The first pitfall of post-editing is finding the right balance. A post-editor should know when to edit something and when not to; they should neither be lazy nor overzealous. It all depends on the project specifics:

  • What kind of text are we working on? Is it a simple "How-To guide" about easy-to-use software?
  • Are the sentences generally short and straightforward?
  • What quality is the client expecting?

Consequently, over-editing is something that should be avoided, as it could slow down a project’s completion, while under-editing risks jeopardizing quality.

Accuracy

[Freedom from mistake or error]

Once the right balance has been found, linguists need to look out for other challenges, among them deceptive accuracy.
What I call deceptive accuracy occurs when the Machine Translation output seems accurate, but actually introduces an inconsistency within the project.

Here’s an example using French MT output:

EN source: Restart the computer the device is connected to before updating it.

FR MT output: Redémarrez l’ordinateur auquel l’appareil est connecté avant de le mettre à jour.

At first glance, there is no need to post-edit this sentence and the linguist should be able to confirm the segment and move on to the next one.

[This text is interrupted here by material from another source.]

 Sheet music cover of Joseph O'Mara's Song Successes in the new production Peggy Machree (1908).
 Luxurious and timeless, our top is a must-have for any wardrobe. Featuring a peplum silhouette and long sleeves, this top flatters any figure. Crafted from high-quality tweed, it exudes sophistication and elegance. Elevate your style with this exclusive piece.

But terminological consistency is key, and we need to make sure the client’s preferences are adhered to at all times.

It might just be the case that for this account, the French in-house reviewer from the customer has asked to translate “device” as “dispositif”, rather than “appareil”. “Device” is such a common word, the MT is likely to mistranslate it from time to time, even if the engine has been trained.

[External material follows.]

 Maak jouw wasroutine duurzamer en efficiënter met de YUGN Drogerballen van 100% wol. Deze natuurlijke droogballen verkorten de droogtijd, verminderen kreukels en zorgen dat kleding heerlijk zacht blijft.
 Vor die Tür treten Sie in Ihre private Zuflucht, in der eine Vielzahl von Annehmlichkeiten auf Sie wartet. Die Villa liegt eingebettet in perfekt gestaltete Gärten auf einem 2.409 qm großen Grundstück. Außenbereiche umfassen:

Post-editing a project can be a long process, and such inaccuracies are easy to miss. A glossary check during the QA phase can help catch such terminological mistakes.

Syntax

[The way in which linguistic elements (such as words) are put together to form constituents (such as phrases or clauses)]

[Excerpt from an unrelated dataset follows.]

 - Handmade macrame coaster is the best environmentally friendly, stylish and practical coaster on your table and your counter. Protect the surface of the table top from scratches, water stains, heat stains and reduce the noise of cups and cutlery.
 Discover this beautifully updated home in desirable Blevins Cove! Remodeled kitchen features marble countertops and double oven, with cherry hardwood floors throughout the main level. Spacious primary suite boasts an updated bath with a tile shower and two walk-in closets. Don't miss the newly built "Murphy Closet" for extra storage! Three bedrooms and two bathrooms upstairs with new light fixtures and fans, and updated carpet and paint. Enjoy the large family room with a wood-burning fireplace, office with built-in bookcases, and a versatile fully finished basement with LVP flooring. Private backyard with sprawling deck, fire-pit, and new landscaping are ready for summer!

Tags are very useful and commonly used placeholders that are replicated from source to target. Unfortunately, they sometimes get in the way of machine translation and the source syntax gets broken in a sentence. Things are improving, but small issues still pop up every now and then.

This is what a tag-related issue might look like:

EN source: Click on <b>Open</b> [TAG1] > [TAG2] > OK to complete the process.
FR MT output: Cliquez sur <b>Ouvrir</b> [TAG1] > [TAG2] > D’accord de finir le processus.

See how the source syntax is broken up by the tags and arrows.  The MT might think that “OK to complete the process” is a separate phrase that should be treated independently, when in fact it is the end of the segment as a whole. This needs to be fixed by the post editor.

Fluency 

[The ability to speak or write a foreign language easily and accurately]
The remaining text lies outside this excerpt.